In a most remarkable product demonstration, Google unveiled their improved artificial intelligence (AI) application, Google Assistant. In the demo, the application phones up a hairdresser and, using uncannily natural-sounding speech, peppered with “uhms”, is able to book an appointment by conversing with the hairdresser. In doing so, Google Assistant appears to pass the Turing Test, developed by the British mathematician Alan Turing in 1950. This test postulates that if a person can’t tell whether they are communicating with a human or a machine, then the machine has passed the test and therefore “thinks”.
In the demo, it is a machine that (or perhaps who?) is calling the business to book the appointment, and the individual answering the phone is human. However, this could easily be reversed, so that it is a person who is calling the business, and the machine answering for the business.
This raises an interesting question: what if it there was a machine at both ends of the conversation, that is, one Google Assistant calling another? If the AI engine running both assistants is advanced enough, they could, in theory, carry on a meaningful conversation. Although this might seem like the ultimate AI prize, there’s a much simpler solution: using a website to book an appointment. Granted, it doesn’t have all the nuances of a regular conversation, but if the goal is simply to book an appointment, then the user’s computer simply has to connect with the business’s.
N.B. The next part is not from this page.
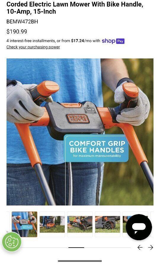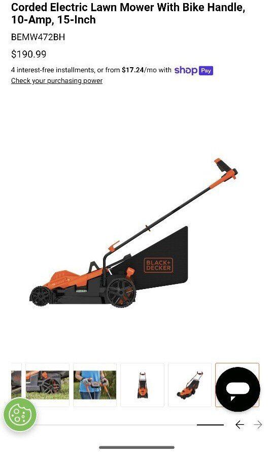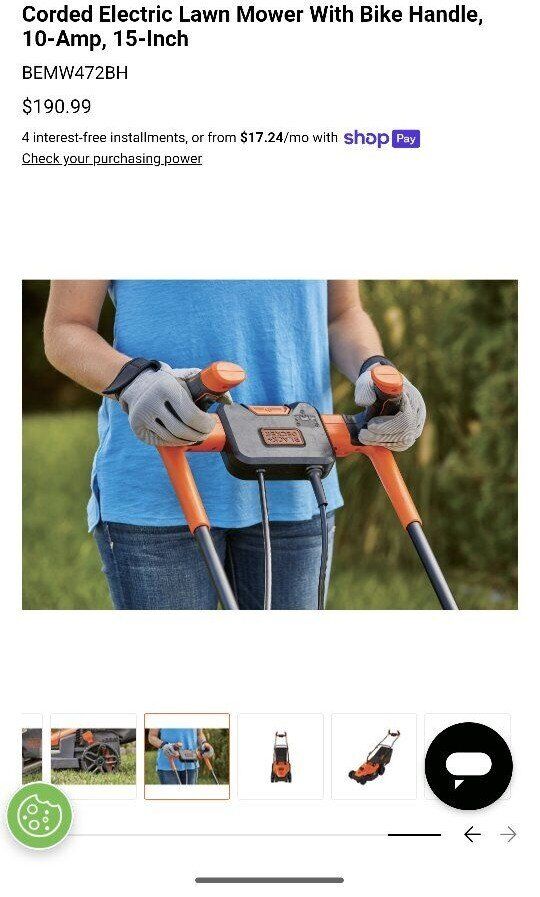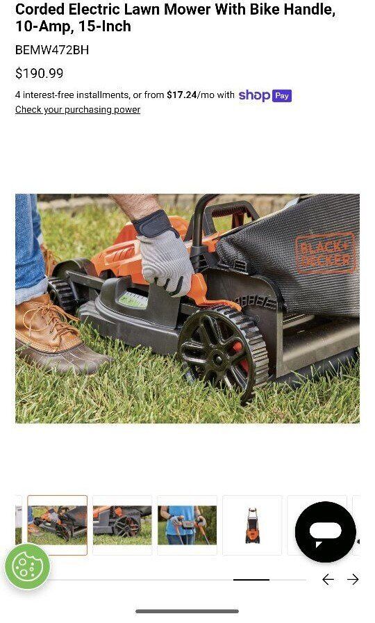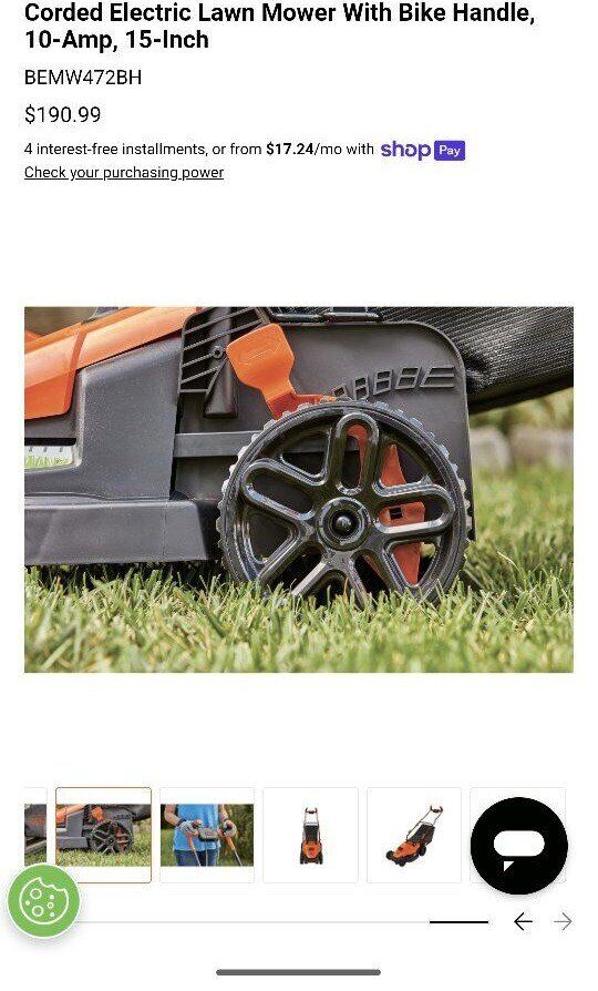 ZelleThis mower was purchased from Walmart and is in excellent condition with no imperfections: www.walmart.com/ip/BLACK-DECKER-BEMW472BH-10AMP-15-Electric-Mowe-Lightweight-easy-maneuver-electric-lawn-mower-features-Comfort-Grip-Handle-peak-performance-Winged-Blad/875278231?wmlspartner=wlpa&selectedSellerId=101468141&selectedOfferId=0D6E2F3A161F3C9BA1AC1B593C7A811D&conditionGroupCode=1&sourceid=dsn_ad_fac153e8-a819-4e04-9af5-1c5d04a29929&veh=dsn&wmlspartner=dsn_ad_fac153e8-a819-4e04-9af5-1c5d04a29929&cn=FY26-MP-PMax_cnv_dps_dsn_dis_ad_mp_s_n&gclsrc=aw.ds&wl9=pla&wl11=online&gad_source=1&gad_campaignid=22532405497&gbraid=0AAAAADmfBIq7VJpzqaXb7lDA6oHV9JSe_&gclid=Cj0KCQjwotDBBhCQARIsAG5pinM5gC96RPFdz6VQ4qLzr_Dv46YeJlMF5LlPVckherE6HNqILM0iW54aAuIMEALw_wcB#Intent;scheme=https;package=com.walmart.android;S.browser_fallback_url=https://www.walmart.com/ip/BLACK-DECKER-BEMW472BH-10AMP-15-Electric-Mowe-Lightweight-easy-maneuver-electric-lawn-mower-features-Comfort-Grip-Handle-peak-performance-Winged-Blad/875278231%3Fwmlspartner%3Dwlpa%26selectedSellerId%3D101468141%26selectedOfferId%3D0D6E2F3A161F3C9BA1AC1B593C7A811D%26conditionGroupCode%3D1%26sourceid%3Ddsn_ad_fac153e8-a819-4e04-9af5-1c5d04a29929%26veh%3Ddsn%26wmlspartner%3Ddsn_ad_fac153e8-a819-4e04-9af5-1c5d04a29929%26cn%3DFY26-MP-PMax_cnv_dps_dsn_dis_ad_mp_s_n%26gclsrc%3Daw.ds%26wl9%3Dpla%26wl11%3Donline%26gad_source%3D1%26gad_campaignid%3D22532405497%26gbraid%3D0AAAAADmfBIq7VJpzqaXb7lDA6oHV9JSe_;end

This use of advanced AI is part of a larger phenomena: the degree to which our daily tasks have been automated or performed by others. Up to a mere 200 years ago, people made and repaired what they needed, including clothes, tools, furniture, and machinery, and often grew their own food. The industrial and agricultural revolutions changed all that. Goods could be mass-manufactured more efficiently and at a lower cost. Food could be grown on a mass scale. We’ve moved away from a society in which individuals made their possessions to one in which we let others do this for us.
As recently as the 1960s, many people maintained and fixed their cars; most people today leave this to a mechanic. We have outsourced nearly everything. Although we have gained much in quality, price and selection, in the process, we have lost many practical skills.
This trend continues as more and more processes are automated or simplified. Coffee makers that use pre-packaged pods are easier to use than regular coffee makers. However, it would be a sad thing if entire generation did not know how to brew coffee the regular way. Even brewing coffee “the regular way” still involves using a machine that others have made and that we cannot fix, powered by electricity that we do not generate, using beans that we can neither grow or process ourselves, and water that is automatically pumped into our home using an infrastructure that we cannot maintain. The parts that make up the parts that make up still larger parts are designed and built by others.
At its heart, Google Assistant uses algorithms, sets of sequential rules or instructions that solve a problem. A simple example is converting Celsius to Fahrenheit: multiply by 9, divide by 5, and then add 32. The algorithms used by software applications are, of course, millions of times more complex than this example, because they use millions of lines of code.
Algorithms are incredibly omnipresent. They are used extensively by online retailers (such as Amazon) to recommend purchases for us based on our previous purchases and browsing habits. Facebook uses them to track our activity and then sell that data to others, often with dire results. Algorithms are also used in two of the most important decisions a person can make: whom they love (in dating applications) and where they work (in résumé and interview screening applications).
Algorithms have even used to determine how likely a criminal defendant is to re-offend based on attributes such as race, gender, age, neigbourhood and past criminal record. But is it ethical for a judge to use an algorithm to determine the length of a sentence? This happened in the case of Eric Loomis, who received a six year prison sentence in part due to a report the judge received based on a software algorithm.
Society is facing the same trade-off that it faced 200 years ago as it moved from personal to mass manufacturing: convenience and comfort versus knowledge and independence. As we relinquish more and more power to machines and let algorithms make more of our decisions, we achieve more comfort but less freedom. We are, bit by (computer) bit, quietly choosing to live in a massive hotel. It’s pleasant, you don’t have to do much, but it does not prepare us for life.
For in life, there is often sadness, pain and hardship. There is no algorithm that tells us how to deal with these things, nor will there ever be.